Essayons maintenant de revenir aux sources de notre questionnement. Ce premier aperçu des enjeux de genre véhiculés par la seconde trilogie de Stars Wars devrait permettre de pousser plus avant l’examen des fondements de la symbolique qui lie la technologisation du corps à la dévirilisation. Pour y parvenir, je vais notamment m’appuyer sur les études que Klaus Theweleit et Monique Schneider ont consacrées à l’identité masculine occidentale.

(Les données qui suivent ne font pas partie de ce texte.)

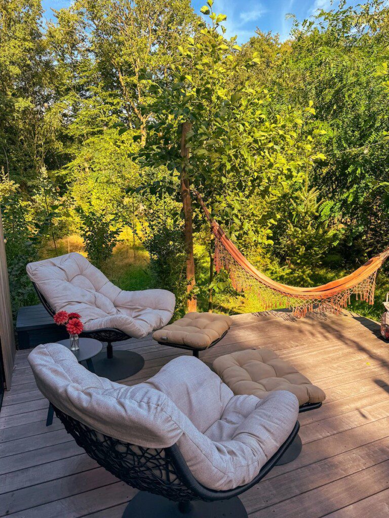 Extra bijzonder is de privé wellnesstuin die je optioneel bijboekt (€99,- voor 3 uren). Denk aan een sauna, hottub, buitendouche, relaxkas en hangmatten. Ook kun je kiezen voor een ontbijt dat ’s ochtends bij je huisje wordt bezorgd.

Corps mécanisé / corps encodé
La réflexion conduite par Wolfgang Schivelbusch sur les « répercussions mentales » des changements liés à l’expansion des voyages en train jette les bases d’un examen plus large des caractéristiques de l’acclimatation humaine aux phénomènes industriels. En effet, si la technique crée à ses yeux « un environnement artificiel auquel les hommes s’habituent comme à une seconde nature »22, l’enjeu consiste dès lors pour lui à décrire de quelle manière ces bouleversements trouvent une expression au sein de la psyché humaine. C’est dans ce dessein que Schivelbusch convoque le concept freudien peu usité de « pare-excitations »23, concept qui lui permet de donner corps à la zone qui se dessinerait à la surface de l’individu au fur et à mesure de ses interactions avec les données sensibles de la vie moderne24. Le pare-excitations, en s’incorporant à l’individu sous l’effet de ces « brûlures », représenterait l’appareil psycho-physiologique par le truchement duquel le sujet apprivoiserait les mutations de son milieu. L’auteur l’envisage comme le mode de régulation d’un choc distinctement moderne, une cuirasse protectrice et civilisatrice façonnée à partir d’une prolifération de télescopages sensoriels inédits qui acculerait la conscience à s’adapter aux normes « industrielles », sous peine de se voir contrainte à une forme de destruction en cas d’échec.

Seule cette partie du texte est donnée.